Input data:

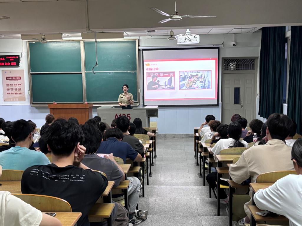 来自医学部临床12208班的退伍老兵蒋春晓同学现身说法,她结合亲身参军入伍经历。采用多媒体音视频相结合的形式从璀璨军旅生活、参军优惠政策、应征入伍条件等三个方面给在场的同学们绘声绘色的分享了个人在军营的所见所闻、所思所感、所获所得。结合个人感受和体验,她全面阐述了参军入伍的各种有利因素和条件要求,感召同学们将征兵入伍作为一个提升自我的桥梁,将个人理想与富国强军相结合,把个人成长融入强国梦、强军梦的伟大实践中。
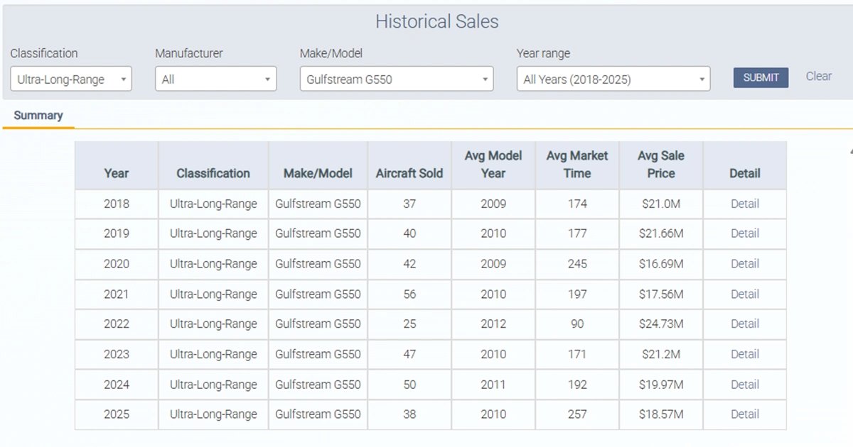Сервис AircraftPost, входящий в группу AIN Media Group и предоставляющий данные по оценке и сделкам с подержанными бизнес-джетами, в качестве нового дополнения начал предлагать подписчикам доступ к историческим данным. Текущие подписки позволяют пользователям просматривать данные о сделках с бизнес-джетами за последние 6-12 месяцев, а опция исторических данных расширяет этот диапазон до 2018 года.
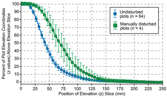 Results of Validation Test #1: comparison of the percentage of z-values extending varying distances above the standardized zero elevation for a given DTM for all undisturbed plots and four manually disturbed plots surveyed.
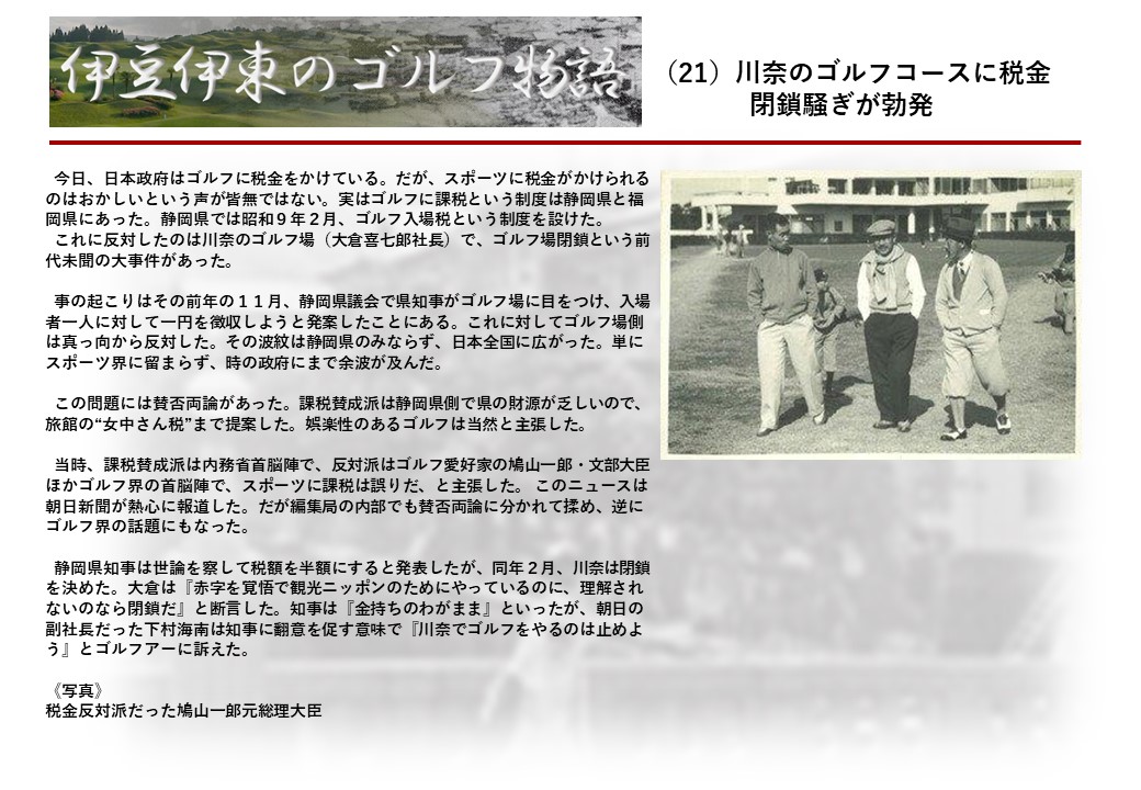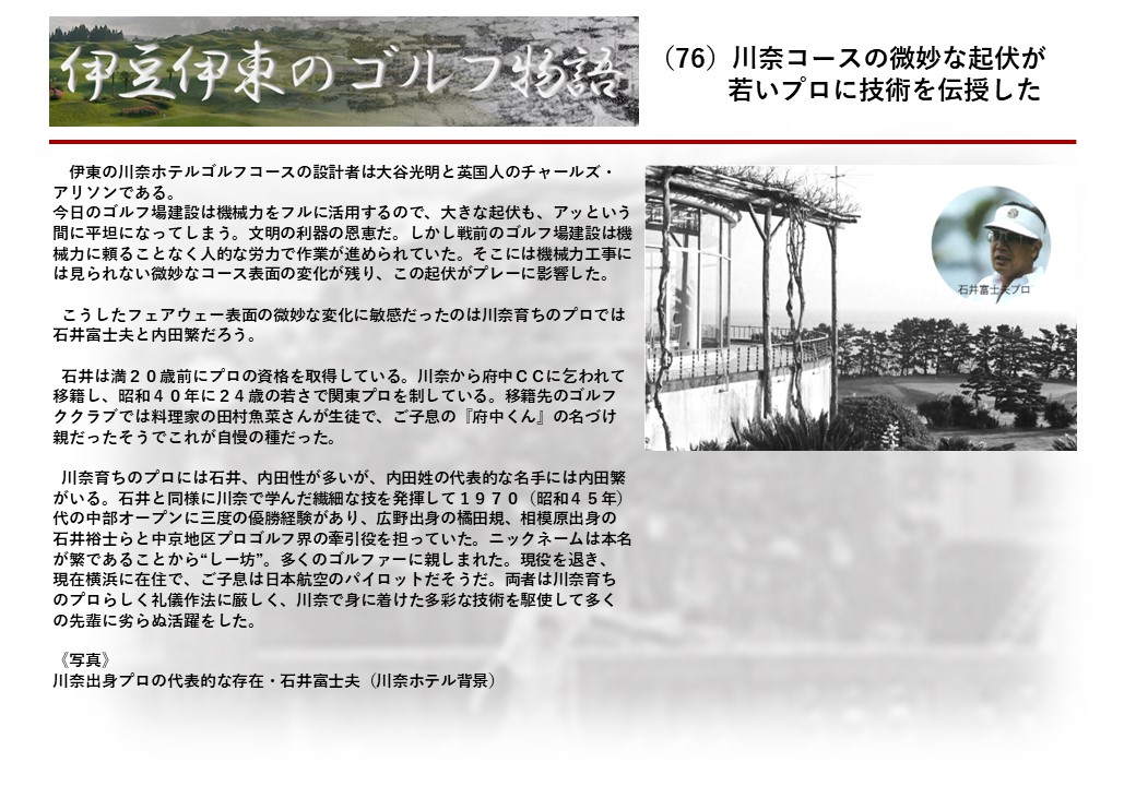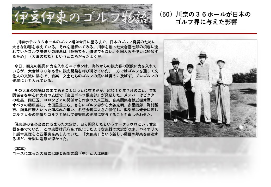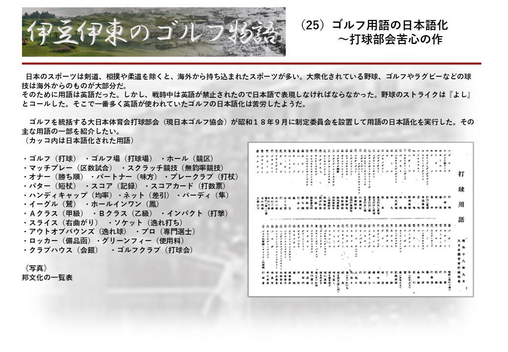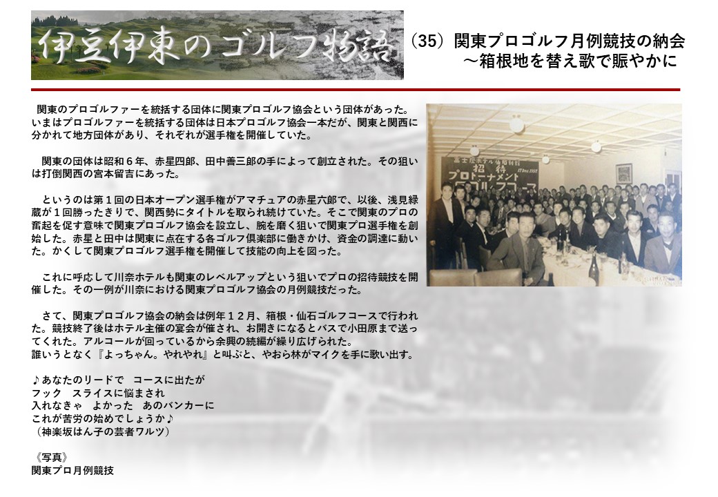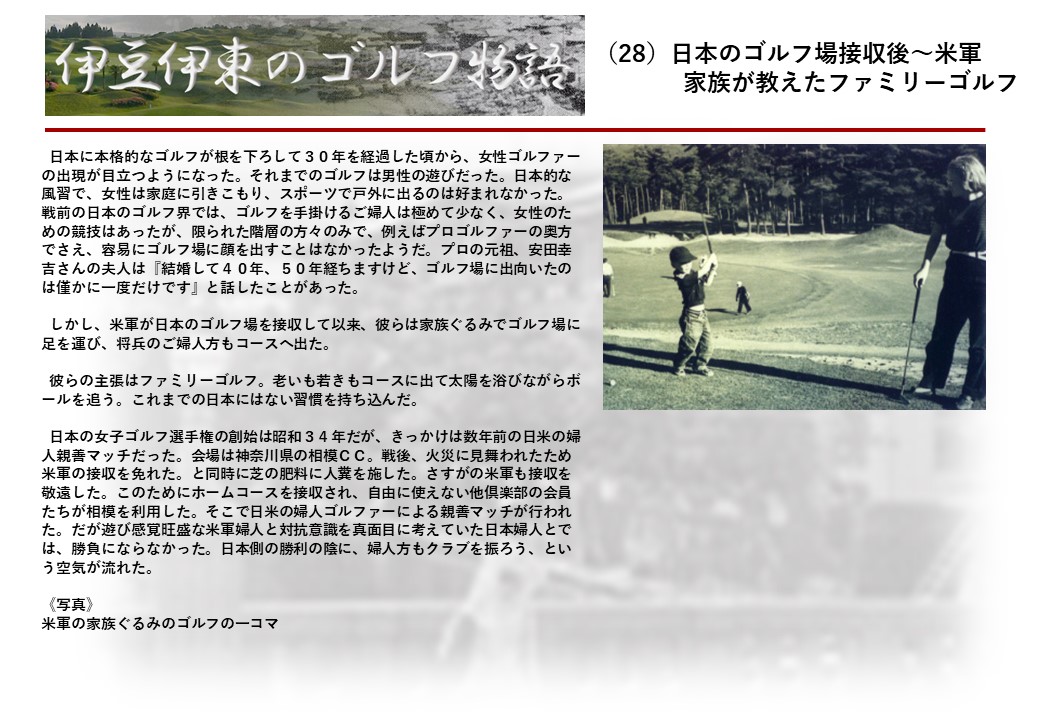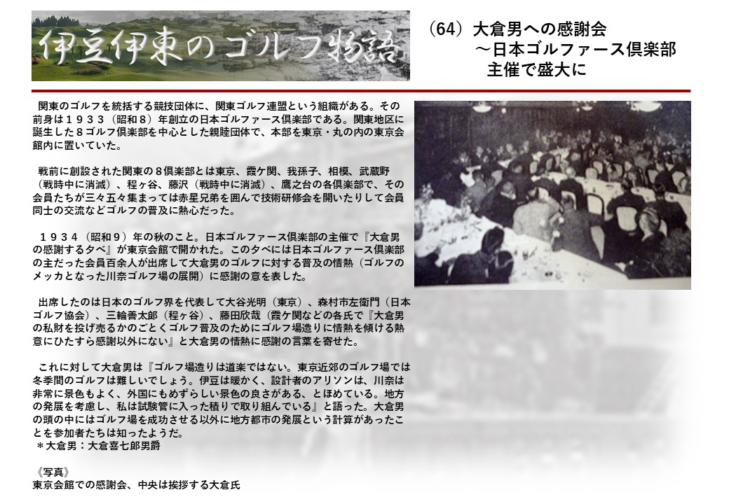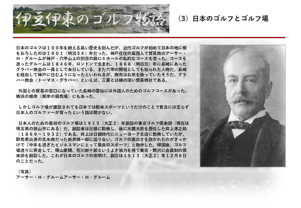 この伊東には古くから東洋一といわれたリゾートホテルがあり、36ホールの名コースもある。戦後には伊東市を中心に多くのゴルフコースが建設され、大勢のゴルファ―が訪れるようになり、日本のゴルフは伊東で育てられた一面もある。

What to produce: Leaving the pictures out, set down all of the data again exactly.

Response:
 来自医学部临床12208班的退伍老兵蒋春晓同学现身说法,她结合亲身参军入伍经历。采用多媒体音视频相结合的形式从璀璨军旅生活、参军优惠政策、应征入伍条件等三个方面给在场的同学们绘声绘色的分享了个人在军营的所见所闻、所思所感、所获所得。结合个人感受和体验,她全面阐述了参军入伍的各种有利因素和条件要求,感召同学们将征兵入伍作为一个提升自我的桥梁,将个人理想与富国强军相结合,把个人成长融入强国梦、强军梦的伟大实践中。
Сервис AircraftPost, входящий в группу AIN Media Group и предоставляющий данные по оценке и сделкам с подержанными бизнес-джетами, в качестве нового дополнения начал предлагать подписчикам доступ к историческим данным. Текущие подписки позволяют пользователям просматривать данные о сделках с бизнес-джетами за последние 6-12 месяцев, а опция исторических данных расширяет этот диапазон до 2018 года.
 Results of Validation Test #1: comparison of the percentage of z-values extending varying distances above the standardized zero elevation for a given DTM for all undisturbed plots and four manually disturbed plots surveyed.
 この伊東には古くから東洋一といわれたリゾートホテルがあり、36ホールの名コースもある。戦後には伊東市を中心に多くのゴルフコースが建設され、大勢のゴルファ―が訪れるようになり、日本のゴルフは伊東で育てられた一面もある。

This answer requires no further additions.